The long-awaited raunchy comedy “Bad Trip” starring comedians Eric Andre, Lil Rel Howery and Tiffany Haddish drops on Netflix on Mar. 26. The outrageous hidden cam comedy follows Andre and Howery’s characters on their road trip from Florida to New York on a quest to reconnect with Michaela Conlin’s character, Maria.
This nonsensical prank film is reminiscent of the “Jackass” film series, but also incorporates the outrageous public performance aspects of “Borat.” Before the release of the film, stars Eric Andre, Lil Rel Howery and Michaela Conlin sat down with the Technique and discussed all things “Bad Trip.”
Although this film was an amalgamation of many comedic minds, Eric Andre gave specific kudos to “Johnny Knoxville, Jeff Tremaine and Sacha Baron Cohen his comedy forefathers.”
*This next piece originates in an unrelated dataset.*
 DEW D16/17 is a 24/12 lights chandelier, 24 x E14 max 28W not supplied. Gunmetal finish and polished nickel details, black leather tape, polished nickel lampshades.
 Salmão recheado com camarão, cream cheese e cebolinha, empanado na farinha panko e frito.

The writers room and brainstorming process for content was a merging of the casts’ favorite comedians coming together to pitch ideas.
The randomness and chaos that lingers throughout the film is evidence of the numerous types of humor depicted.
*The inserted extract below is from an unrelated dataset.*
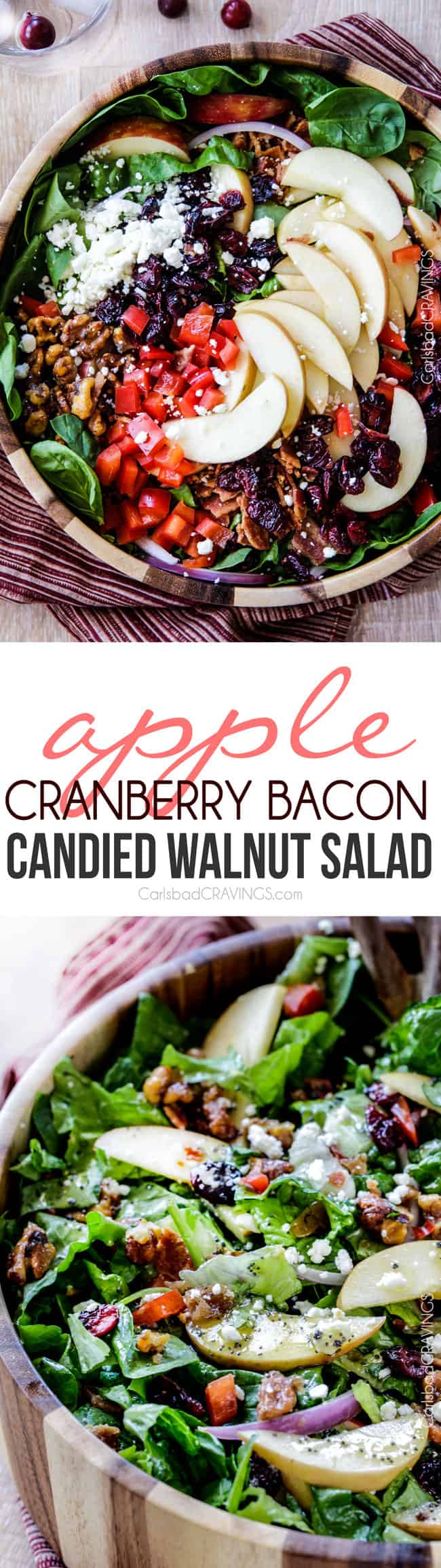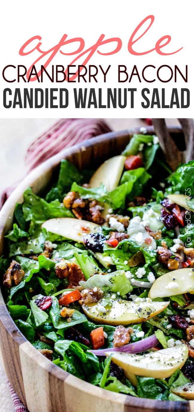 This Apple Salad is bursting with apples, cranberries, candied walnuts, bacon, and feta all drizzled with sweet and tangy Apple Poppy Seed Vinaigrette. It’s a refreshing balance of sweet and savory and gorgeous for special occasions but easy enough for everyday – and you are going to want to this Apple Walnut Salad every day. It’s the perfect addition to your Thanksgiving feast because not only is it scrumptious and deceptively sophisticated, but it can all be prepared beforehand for a NO STRESS side that everyone will rave about! (Updated recipe post with video!)
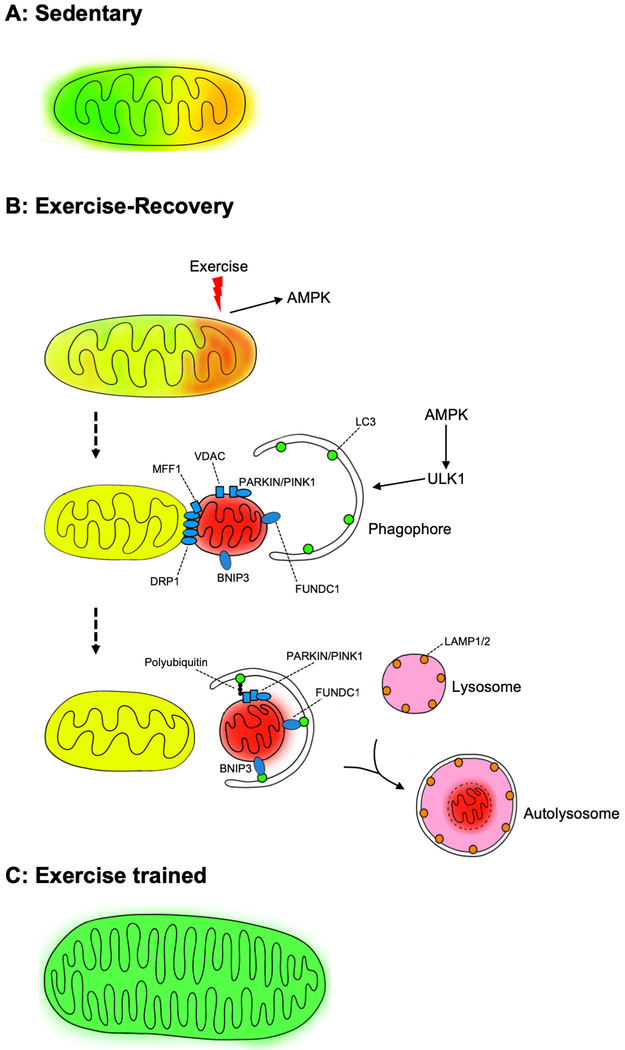 운동을 하면 갑자기 에너지가 많이 필요해진다. 우리 몸에서 에너지를 만드는 공장인 미토콘드리아가 많은 에너지를 충분히 만들어야 할 필요가 생기면, 서로 합쳐져서 큰 미토콘드리아 에너지 공장을 만든다. 또, 기능을 못하는 미토콘드리아는 제거된다.

During the interview, Andre said that “along with gaining inspiration from different comedians, he also brings his own comedic absurdity” to the film. He also went on to note how groundbreaking it was to take part in the “first hidden cam/prank movie with all people of color.”
“Bad Trip” like many other Eric Andre productions features extremely raunchy and berserk pranks that take confidence and tenacity to pull off in public.
Each stunt was pulled off with great cohesiveness and it leaves viewers wondering how Eric Andre and others became so adept at taking part in public pranks. He boiled it down to taking part in pranks since age 20, but admitted that when he started “his organs used to sweat from nerves” and that his costars Lil Rel Howery and Michaela Conlin were not eased into it by any means and were “thrown into the fire.”
Andre also cites the fact that many of the scenes were “so surreal that if you waver for a second, then the prank fails” and that the added pressure of the most outrageous pranks make it easier to stay in character.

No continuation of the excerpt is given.